Some, usually millennials, will send a plate of food back after they ate almost the entire thing and expect to be compensated for it. They can't believe that you can't order a burger at 8 in the morning, or they roll their eyes at you because you can't accommodate their vegan gluten-free diet.
The strangest creatures are the ones who usually go out to dinner late on sunday night or very very early in the morning. They start pressing at the doors at 6:15am.
Then, when it comes time to settle the tab we decide whether or not to add a gratuity to the bill. For those who don't know what this means: generally if you eat in a restaurant with a group of six or more people the server will add a service charge, or gratuity. In Chicago it's probably going to be 18-20%. However, in a restaurant where the management is often scarce and servers are usually left to our own devices and the clientele is often at least 50% foreign, the 20% comes out more than you'd think. Each server has their own justification for it, and we've all done it. Every server in the restaurant has added a 20% gratuity to a rude french person. Some add it to to-go orders (especially if they're ordering for their whole office, that's 'six or more' right?), some add it to stupid miniscule charges like a banana just to stick it to them, and some will add it to a really annoying party of five.

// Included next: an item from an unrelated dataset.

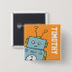 Niedliches Roboterquadrat-Button-Abzeichen, das mit einem Namen Ihrer Wahl personalisiert sein kann. Diese hellen und vibrierenden Ausrüstungsbeschreibungen ein glücklicher blauer und grüner Roboter auf einem orange Hintergrund mit weißem Schreiben. Copyright © Lisa Marie Robinson. Alle Rechte vorbehalten.

I think it's interesting the word gratuity from the route gratuitas, or gift, something freely given, or similarly, gratis, which means free or without charge--which is exactly how we feel sometimes. I don't come to work at a charity. It may be hospitality, but lets face it we give good service, we give great service, to get paid. And when we don't get the paper it can be hard sometimes continue on doing the job, which is why--in the spirit of raising spirits and helping you to forget your lowly status in society-- the hotel throws it's annual employee party. This party, intended to boost morale and at the very least provide enough free alcohol to fake it, comes at the tail end of summer, also known as our busiest season.
So, from gratuitous tipping on a gold card to gratuitous spending in the gold coast, outfits must be purchased for this event. But more important than an outfit (yes, there are things more important than clothes) was finding a date. I wasn't just shopping for a bow tie, I was shopping for a man. I was in the shirts department at Brooks Brothers scoping out the prospects. Seventy percent straight, and one hundred percent preppy. Here we have mister on-trend, navy blazer and neon pink pants with a yellow pocket square, too showy and 'of the moment' for me. I like a guy either a little ahead or a little behind but never right on the target. Then we have mister mister, the guy wearing a suit that looks like it was from the early 80s, who was a little too far off target. All of the bow ties we classic, easy to wear, and looked exactly like every other tie I had. The same could be said about the men. Moving on.
Six blocks and hundreds of eligible bachelors later I found these:
It was then I realized that there is something more important than having a date to a work party: looking goddamn fierce.